Apps can be connected to Cloudentity for user authentication. Users can authenticated with Cloudentity or external Identity Providers.
Cloudentity built-in Identity Pools have their dedicated identity connector – Identity Pool IDP – that you can connect to workspaces without any hassle in order to enable your users to authenticate themselves before acessing your applications.
Passwordless Authentication with Passkeys
When a user is asked to sign-in to an app or website, the user approves the sign-in with the same biometric or PIN that the user has to unlock the device (phone, computer or security key). The app or website can use this mechanism instead of the traditional (and insecure) username and password.
In accordance with FIDO standards, passkeys serve as a superior alternative to traditional passwords, offering quicker, simpler, and safer logins to websites and applications across a user’s various devices. Unlike conventional passwords, passkeys maintain a high level of security at all times and are resilient against phishing attacks.

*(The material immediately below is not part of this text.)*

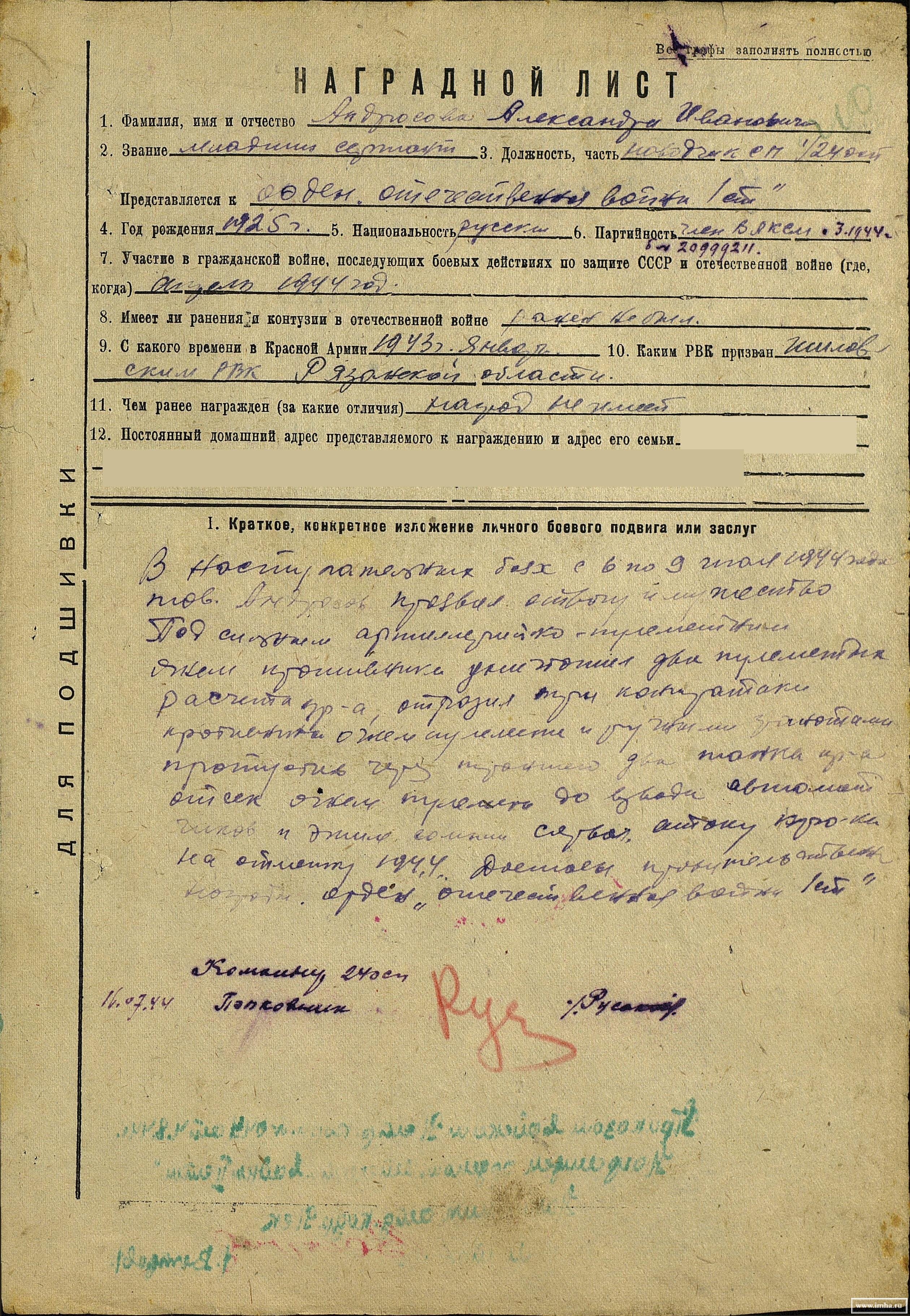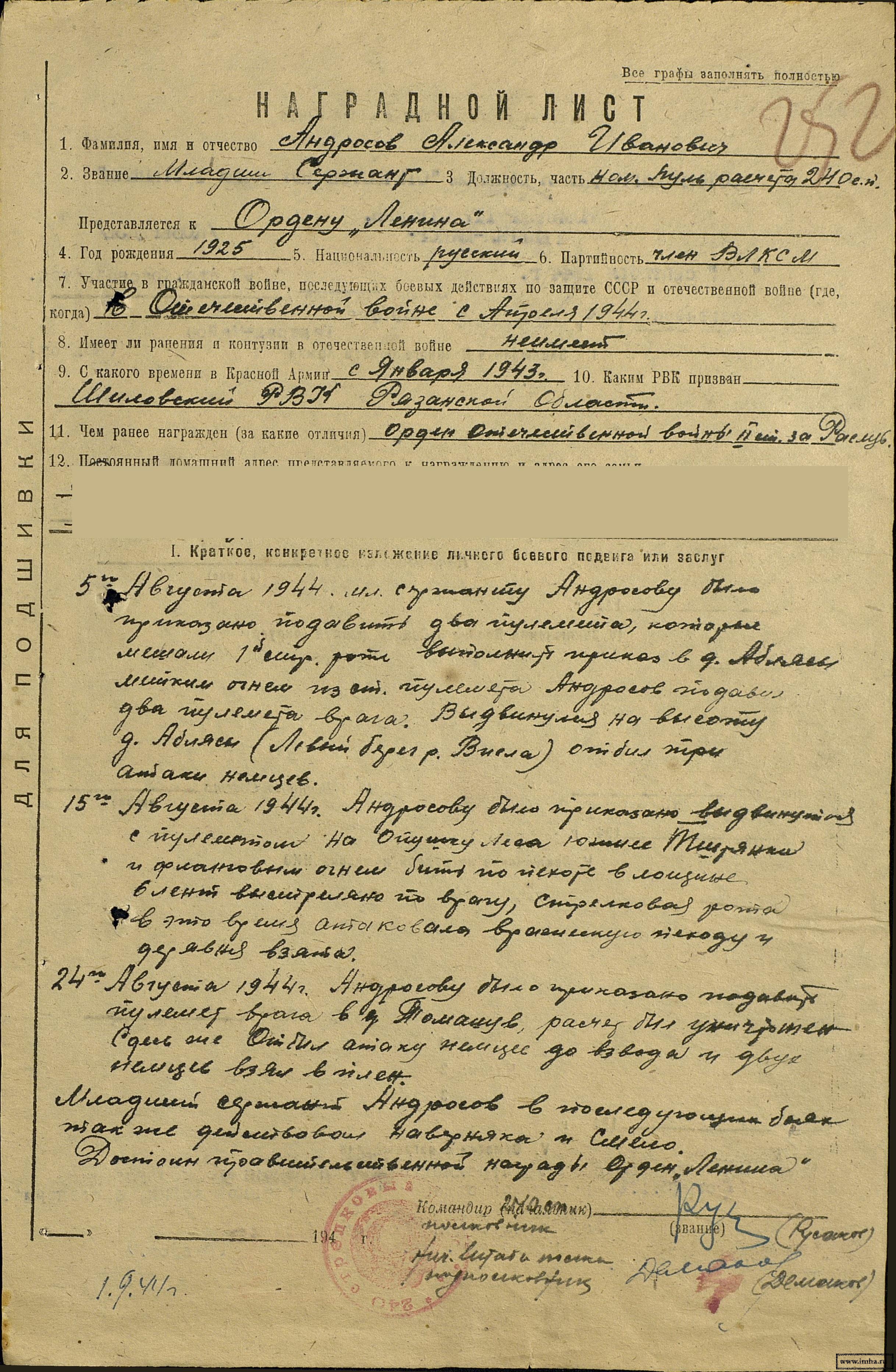 Из Наградного листа: «В наступательных боях с 6 по 9 июля 1944 г. младший сержант Андросов А.И. проявил отвагу и мужество.Под сильным артиллерийско-пулеметным огнем противника уничтожил 2 расчета врага, отразил 3 контратаки огнем пулемета и ручными гранатами. Пропустив через траншею 2 немецких танка отсек огнем своего пулемета до взвода автоматчиков, и этим самым сорвал атаку противника на отметку 194,4».

Cloudentity sends a unique, time-limited verification code to the user’s pre-registered email address or mobile phone via SMS. Such verification code can be also generated and provided to the custom sign-in application to enable it to provide codes to users over channels.

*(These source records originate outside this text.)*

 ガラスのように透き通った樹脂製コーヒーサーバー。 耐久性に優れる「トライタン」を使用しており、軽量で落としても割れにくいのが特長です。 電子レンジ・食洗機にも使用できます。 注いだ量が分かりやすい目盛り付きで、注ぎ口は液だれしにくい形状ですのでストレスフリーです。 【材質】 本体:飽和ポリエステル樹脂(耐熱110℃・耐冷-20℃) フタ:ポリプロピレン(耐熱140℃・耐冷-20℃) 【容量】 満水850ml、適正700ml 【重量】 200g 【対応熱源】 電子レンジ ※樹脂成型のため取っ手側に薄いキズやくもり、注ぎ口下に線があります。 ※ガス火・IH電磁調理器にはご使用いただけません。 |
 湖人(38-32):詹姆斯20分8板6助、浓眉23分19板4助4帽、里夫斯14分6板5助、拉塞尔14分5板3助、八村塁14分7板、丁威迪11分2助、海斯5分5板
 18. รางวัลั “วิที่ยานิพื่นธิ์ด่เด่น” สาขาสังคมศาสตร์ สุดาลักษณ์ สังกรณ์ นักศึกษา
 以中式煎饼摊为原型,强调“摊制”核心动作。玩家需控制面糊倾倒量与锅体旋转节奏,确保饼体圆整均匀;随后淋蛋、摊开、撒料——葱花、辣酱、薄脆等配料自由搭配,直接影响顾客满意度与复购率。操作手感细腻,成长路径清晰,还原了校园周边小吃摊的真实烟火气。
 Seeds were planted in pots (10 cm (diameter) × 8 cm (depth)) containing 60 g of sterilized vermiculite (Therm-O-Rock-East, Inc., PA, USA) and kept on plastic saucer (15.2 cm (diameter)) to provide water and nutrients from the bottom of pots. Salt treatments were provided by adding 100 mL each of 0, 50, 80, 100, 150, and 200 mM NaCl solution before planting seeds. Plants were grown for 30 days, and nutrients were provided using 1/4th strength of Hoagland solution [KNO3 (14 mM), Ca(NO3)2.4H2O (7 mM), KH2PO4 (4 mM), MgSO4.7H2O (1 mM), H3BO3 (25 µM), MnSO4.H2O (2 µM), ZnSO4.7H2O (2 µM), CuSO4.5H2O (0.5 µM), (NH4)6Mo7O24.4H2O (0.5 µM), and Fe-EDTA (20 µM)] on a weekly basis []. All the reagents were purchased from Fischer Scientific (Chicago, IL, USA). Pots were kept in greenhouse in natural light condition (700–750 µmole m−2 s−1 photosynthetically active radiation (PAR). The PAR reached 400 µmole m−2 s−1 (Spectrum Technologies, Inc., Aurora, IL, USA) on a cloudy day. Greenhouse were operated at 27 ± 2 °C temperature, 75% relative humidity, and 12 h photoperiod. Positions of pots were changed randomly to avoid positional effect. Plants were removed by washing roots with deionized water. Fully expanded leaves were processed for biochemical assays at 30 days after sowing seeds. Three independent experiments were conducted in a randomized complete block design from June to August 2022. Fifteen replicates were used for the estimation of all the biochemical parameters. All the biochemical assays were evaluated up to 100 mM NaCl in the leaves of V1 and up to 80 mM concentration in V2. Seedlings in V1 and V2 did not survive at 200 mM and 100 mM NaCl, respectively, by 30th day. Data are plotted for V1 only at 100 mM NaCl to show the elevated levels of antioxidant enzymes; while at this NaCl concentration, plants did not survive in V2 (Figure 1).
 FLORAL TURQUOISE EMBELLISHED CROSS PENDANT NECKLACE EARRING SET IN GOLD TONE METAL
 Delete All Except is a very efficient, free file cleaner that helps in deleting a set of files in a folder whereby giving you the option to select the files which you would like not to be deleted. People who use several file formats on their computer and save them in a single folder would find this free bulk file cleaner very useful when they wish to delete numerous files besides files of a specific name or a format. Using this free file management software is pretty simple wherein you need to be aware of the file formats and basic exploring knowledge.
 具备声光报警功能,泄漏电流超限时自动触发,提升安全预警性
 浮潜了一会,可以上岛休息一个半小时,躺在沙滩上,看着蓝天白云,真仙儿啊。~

With verification codes, users do not use a password - they use the code along their email or phone number to authenticate themselves. It makes verification codes more secure than using passwords, since codes are time-limited and sent to the user for one time use.
After the user provides their email, Cloudentity generates a unique, time-limited link and sends it to the user’s email address or mobile number. When the user selects the provided link, they are automatically redirected to the application and signed in.
At present, Cloudentity does not support the use of Magic Links via a user interface. The feature can only be utilized through API integration and custom sign-in pages.
User provides a unique identifier (such as a username, email, or phone number) and a password. Cloudentity verifies this information against stored user data. If the provided credentials match the stored ones, the user is granted access. This method is a common and fundamental way of securing user accounts.
External Authentication Providers
|What You Can Connect||What Users See|
Users use their existing login information from a social networking service, such as Facebook, Google, or GitHub, to sign into a third-party application. It simplifies the process by allowing users to authenticate themselves without the need to create and remember a new username and password for each site.
You can connect Google or GitHub to allow users to sign in using their social networking service.
Enterprise Authentication Providers
Business scenarios very often require identity federation where identities are created and managed across multiple domains or enterprises. Cloudentity allows you to:
Integrate with SAML apps
Standardize user data coming from different IDPs into one common authentication context schema
Approach to Authentication
Developers that are responsible for providing application users with a possibility to sign in to their accounts must decide between employing a universal or embedded login flow.
With Universal Login, users attempting to log in are redirected to a central domain where authentication takes place, before being redirected back to the app. Conversely, an embedded login flow keeps users within the same page, avoiding redirection to a central domain. The login widget is presented on the same page, and users' credentials are sent to the authentication provider for verification. In a web app, this process involves a cross-origin request.
At Cloudentity, we firmly believe that centralized (universal) authentication is the most robust and secure solution in the majority of cases! It eliminates cross-origin request present in the embedded authentication. By harnessing the full potential of OAuth, it not only satisfies the most stringent security requirements but also delivers a highly adaptable authentication experience.
Add Authentication to App
Your application simply needs to present users with a sign-in button, which, when selected, triggers a call to the Cloudentity OAuth /authorize endpoint. Users are then redirected to the login page (which you can brand if needed), where they can select from a variety of authentication/identity providers that you have pre-configured for their convenience! There’s no need to create intricate login screens or develop custom solutions for multi-factor authentication (MFA), passwordless authentication, and beyond.
This flexibility caters to various user needs, whether it involves offering multiple authentication providers to choose from or implementing multi-factor authentication (MFA) for added security. Thanks to branding and custom domains the login experience stays the same as with embedded login.